Perhaps this is simply as far as this story is going to go. Some historical subjects are not amenable to research. They will forever remain unknowable.

What prompted this long-winded explanation of my only partially-successful research effort on “the curse of Slick-6” was a new review of the book Blue Sky Metropolis by Roger Eardley-Pryor that appeared last month on H Net, the Humanities and Social Sciences Online resource. Eardley-Pryor referred to my essay as “overly reliant upon military sources,” which is a fair criticism. But it is also something that I acknowledged in the essay itself when I stated that doing research that crosses such major divides is challenging: a military historian is going to have a hard time finding cultural sources, and a cultural historian is going to have a hard time finding military sources.

At no point was this a major research project on my part; it was simply a story that I kept revisiting when I had an opportunity. One of the things that constantly nagged me was the belief that the resources might exist but that I was unaware of them, perhaps because I’m not familiar with doing research on cultural studies or anthropology or American Indian history. Maybe there is a good academic paper on the Chumash and their recent history. It is possible that Santa Maria, another town near Vandenberg, has a local history file with relevant information. Or perhaps UC Santa Barbara has a local history collection, or a professor or archivist who knows some relevant information. Perhaps one of the Chumash groups has recorded something on this topic. My hope was that by being public about the subject, somebody with useful information would contact me.
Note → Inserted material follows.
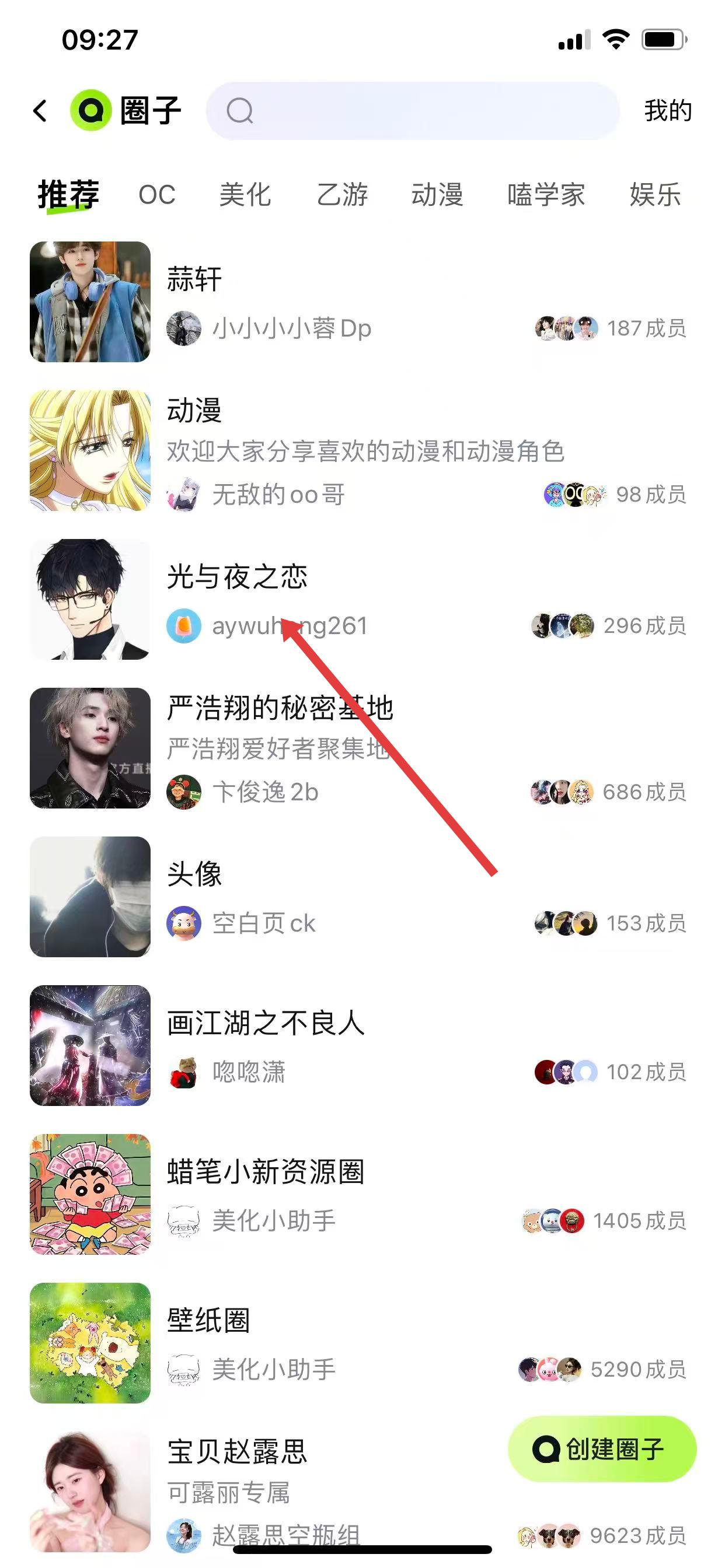 2、進(jìn)入展示各類主題圈子的推薦頁面,選感興趣的圈子,點(diǎn)擊。

But that never happened.

Or perhaps this is simply as far as this story is going to go. Some historical subjects are not amenable to research. They will forever remain unknowable. I would love to talk to a Chumash who was involved in the protests at Vandenberg in the early 1980s, or even at the Point Conception natural gas terminal site. At the least I’d like to talk to a Chumash representative who could explain their religion and the significance of the Western Gate in their culture. My goal is to be as accurate and respectful as possible and to make sure that I’m not simply writing about this subject from a single (ignorant) perspective but am including all sides. But I don’t expect to be successful at this. Perhaps the best I can hope for is that somebody with better educational training and knowledge—perhaps an anthropologist or cultural historian in California—is able to pick up the subject and research the story better than I have been able to do.